Schematic of region of the Sxl protein studied (exons 5–8 of the female transcript; Bell et al. 1988). Intron/exon boundaries were conserved across the species studied consistent with Zhang et al. (2014). The yellow box denotes the location of the RNA binding domain of the Sxl protein, the rest of which is indicated by the blue boxes. Vertical lines show the locations of all amino acid substitutions at Sxl across 20 Drosophila species with the red lines being those that have occurred specifically on the lineage leading to D. melanogaster and D. sechellia. Stars at C-terminal end of protein denote the relative location of the mutations that generate the mutant alleles shown to interact genetically with W. pipientis.

Figure 2

Sxl gene tree schematically showing the branches for which amino acid substitutions have occurred.
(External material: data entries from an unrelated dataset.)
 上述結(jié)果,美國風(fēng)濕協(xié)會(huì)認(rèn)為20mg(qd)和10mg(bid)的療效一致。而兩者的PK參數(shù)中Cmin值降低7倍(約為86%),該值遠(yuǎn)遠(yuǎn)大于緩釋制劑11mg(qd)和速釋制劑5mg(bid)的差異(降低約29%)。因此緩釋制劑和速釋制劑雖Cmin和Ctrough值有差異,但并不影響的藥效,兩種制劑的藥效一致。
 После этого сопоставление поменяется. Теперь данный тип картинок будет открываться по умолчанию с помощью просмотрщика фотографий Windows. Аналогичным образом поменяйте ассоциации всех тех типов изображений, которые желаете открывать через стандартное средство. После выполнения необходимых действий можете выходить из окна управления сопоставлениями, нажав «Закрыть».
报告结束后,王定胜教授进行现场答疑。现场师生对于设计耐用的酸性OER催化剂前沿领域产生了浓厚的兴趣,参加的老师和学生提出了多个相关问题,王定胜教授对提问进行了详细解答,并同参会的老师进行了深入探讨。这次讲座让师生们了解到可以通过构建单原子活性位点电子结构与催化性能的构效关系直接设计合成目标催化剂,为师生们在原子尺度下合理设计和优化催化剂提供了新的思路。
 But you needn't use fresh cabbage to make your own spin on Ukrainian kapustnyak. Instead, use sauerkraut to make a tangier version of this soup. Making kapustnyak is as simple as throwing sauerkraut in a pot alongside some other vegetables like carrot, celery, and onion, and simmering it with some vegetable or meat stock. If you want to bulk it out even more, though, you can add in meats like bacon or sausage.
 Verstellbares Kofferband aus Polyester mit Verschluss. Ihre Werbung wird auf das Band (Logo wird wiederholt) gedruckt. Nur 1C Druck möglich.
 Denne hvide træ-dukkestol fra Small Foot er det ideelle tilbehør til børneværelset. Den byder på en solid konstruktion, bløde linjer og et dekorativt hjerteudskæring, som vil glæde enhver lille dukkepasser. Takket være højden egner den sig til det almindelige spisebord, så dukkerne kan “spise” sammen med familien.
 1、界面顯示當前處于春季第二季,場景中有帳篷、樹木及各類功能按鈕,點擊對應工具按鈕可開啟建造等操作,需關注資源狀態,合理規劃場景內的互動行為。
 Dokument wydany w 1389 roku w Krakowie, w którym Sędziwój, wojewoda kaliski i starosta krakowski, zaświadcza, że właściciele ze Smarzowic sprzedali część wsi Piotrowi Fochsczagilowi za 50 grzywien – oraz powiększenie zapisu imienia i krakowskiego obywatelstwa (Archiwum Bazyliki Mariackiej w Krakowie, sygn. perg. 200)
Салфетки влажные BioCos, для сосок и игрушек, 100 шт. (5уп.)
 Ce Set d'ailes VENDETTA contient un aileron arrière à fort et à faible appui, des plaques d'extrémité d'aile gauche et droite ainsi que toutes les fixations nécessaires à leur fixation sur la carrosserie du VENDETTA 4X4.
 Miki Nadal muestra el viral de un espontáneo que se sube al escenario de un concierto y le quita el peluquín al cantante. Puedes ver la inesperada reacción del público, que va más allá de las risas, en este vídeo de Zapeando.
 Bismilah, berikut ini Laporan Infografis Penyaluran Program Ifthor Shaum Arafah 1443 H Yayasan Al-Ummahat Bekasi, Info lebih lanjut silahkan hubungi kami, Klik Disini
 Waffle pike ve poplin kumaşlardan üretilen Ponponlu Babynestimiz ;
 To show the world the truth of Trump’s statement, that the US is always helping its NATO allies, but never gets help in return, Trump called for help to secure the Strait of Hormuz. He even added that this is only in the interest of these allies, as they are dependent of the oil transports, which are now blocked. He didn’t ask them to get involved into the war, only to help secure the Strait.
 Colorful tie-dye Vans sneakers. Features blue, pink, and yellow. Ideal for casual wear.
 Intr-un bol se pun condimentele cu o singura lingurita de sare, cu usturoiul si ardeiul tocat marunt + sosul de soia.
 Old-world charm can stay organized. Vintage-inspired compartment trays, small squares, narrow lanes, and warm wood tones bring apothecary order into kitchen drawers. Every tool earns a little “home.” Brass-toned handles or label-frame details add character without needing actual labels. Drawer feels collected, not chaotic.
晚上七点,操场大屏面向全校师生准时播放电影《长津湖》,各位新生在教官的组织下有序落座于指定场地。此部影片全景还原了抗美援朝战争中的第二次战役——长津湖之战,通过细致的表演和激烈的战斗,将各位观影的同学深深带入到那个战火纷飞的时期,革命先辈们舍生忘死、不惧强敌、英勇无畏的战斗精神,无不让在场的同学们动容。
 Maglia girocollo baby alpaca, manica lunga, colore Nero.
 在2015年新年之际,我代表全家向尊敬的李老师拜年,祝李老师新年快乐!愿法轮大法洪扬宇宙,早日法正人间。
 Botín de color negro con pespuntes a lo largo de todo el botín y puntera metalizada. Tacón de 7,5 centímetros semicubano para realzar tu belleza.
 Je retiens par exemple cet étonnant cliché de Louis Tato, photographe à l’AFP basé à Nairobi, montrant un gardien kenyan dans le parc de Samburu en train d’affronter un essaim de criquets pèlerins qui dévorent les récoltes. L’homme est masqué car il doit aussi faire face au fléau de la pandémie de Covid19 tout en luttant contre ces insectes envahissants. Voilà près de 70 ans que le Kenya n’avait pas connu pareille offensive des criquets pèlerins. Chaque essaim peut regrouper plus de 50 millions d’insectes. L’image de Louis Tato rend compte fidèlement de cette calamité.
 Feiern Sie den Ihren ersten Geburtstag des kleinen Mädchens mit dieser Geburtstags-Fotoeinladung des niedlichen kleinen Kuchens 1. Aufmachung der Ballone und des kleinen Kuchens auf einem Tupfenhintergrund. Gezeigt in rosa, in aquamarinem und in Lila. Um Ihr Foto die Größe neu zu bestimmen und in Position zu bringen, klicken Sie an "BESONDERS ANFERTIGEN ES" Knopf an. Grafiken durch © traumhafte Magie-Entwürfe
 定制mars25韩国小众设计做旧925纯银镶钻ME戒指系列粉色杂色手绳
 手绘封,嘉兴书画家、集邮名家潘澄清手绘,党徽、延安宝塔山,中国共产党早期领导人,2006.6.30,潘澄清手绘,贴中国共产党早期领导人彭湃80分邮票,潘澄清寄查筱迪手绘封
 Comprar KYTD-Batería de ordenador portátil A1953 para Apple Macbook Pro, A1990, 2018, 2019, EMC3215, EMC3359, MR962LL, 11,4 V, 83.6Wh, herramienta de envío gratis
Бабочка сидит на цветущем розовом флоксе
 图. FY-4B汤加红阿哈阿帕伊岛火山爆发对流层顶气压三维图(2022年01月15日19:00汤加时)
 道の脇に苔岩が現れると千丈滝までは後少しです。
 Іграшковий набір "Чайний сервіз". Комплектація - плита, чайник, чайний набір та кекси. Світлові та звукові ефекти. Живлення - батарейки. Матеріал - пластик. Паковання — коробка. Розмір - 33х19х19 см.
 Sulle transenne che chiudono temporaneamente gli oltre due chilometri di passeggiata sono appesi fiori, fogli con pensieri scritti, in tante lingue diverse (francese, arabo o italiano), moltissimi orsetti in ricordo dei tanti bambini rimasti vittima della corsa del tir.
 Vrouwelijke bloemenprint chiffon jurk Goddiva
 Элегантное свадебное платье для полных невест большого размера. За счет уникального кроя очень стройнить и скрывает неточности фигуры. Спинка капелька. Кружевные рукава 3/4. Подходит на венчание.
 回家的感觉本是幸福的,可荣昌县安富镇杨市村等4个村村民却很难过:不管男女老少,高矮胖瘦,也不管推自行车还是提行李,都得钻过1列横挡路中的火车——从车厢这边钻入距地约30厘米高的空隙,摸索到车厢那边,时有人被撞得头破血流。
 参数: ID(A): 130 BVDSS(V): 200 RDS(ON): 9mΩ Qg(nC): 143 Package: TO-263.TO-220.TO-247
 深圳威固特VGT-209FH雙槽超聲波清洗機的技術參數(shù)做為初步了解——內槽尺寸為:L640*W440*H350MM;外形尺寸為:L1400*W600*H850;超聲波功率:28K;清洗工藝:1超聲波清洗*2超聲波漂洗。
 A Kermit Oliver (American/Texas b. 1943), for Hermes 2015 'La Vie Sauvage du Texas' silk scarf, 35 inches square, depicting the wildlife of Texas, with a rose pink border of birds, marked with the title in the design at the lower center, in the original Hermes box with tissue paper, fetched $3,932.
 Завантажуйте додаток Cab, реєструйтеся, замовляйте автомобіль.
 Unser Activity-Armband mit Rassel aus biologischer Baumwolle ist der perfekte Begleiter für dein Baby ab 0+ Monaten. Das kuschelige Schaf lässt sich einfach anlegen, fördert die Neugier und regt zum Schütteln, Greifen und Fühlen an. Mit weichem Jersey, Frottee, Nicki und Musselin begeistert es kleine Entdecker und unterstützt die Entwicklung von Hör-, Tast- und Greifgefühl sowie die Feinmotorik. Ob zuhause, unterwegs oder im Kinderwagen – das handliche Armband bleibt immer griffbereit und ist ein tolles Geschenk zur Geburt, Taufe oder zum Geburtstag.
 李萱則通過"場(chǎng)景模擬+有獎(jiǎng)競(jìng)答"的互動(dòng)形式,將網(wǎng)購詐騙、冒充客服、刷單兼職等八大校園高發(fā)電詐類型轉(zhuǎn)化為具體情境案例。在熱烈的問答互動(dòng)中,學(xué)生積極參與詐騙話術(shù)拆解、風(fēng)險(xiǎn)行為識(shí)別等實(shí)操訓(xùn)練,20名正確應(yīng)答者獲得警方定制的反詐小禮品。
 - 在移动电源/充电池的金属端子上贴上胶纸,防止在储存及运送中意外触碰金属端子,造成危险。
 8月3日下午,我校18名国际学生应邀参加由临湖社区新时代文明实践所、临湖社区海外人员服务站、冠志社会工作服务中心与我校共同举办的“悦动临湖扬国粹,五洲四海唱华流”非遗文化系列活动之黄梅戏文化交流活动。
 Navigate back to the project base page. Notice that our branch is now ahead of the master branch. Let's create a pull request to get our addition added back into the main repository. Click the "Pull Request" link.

The rectangles denote the Sxl protein with the vertical black lines indicating the location of the amino acid change(s) along that lineage. Hatched box denotes the location of the RNA binding domains of the Sxl protein. Stars at C-terminal end of protein denote the relative location of the three mutations that generate the mutant alleles shown to interact genetically with W. pipientis. Species names in bold indicate W. pipientis has been detected in that species with the numbers of W. pipientis positive lines relative the total number of lines screened given in parenthesis. W. pipientis data for all species are from Mateos et al. (2006), as well as for D. erecta (Zabalou 2004), D. kikkawai (Bennett et al. 2012), D. bipectinata (Ravikumar et al. 2011), and D. willistoni (Muller et al. 2013).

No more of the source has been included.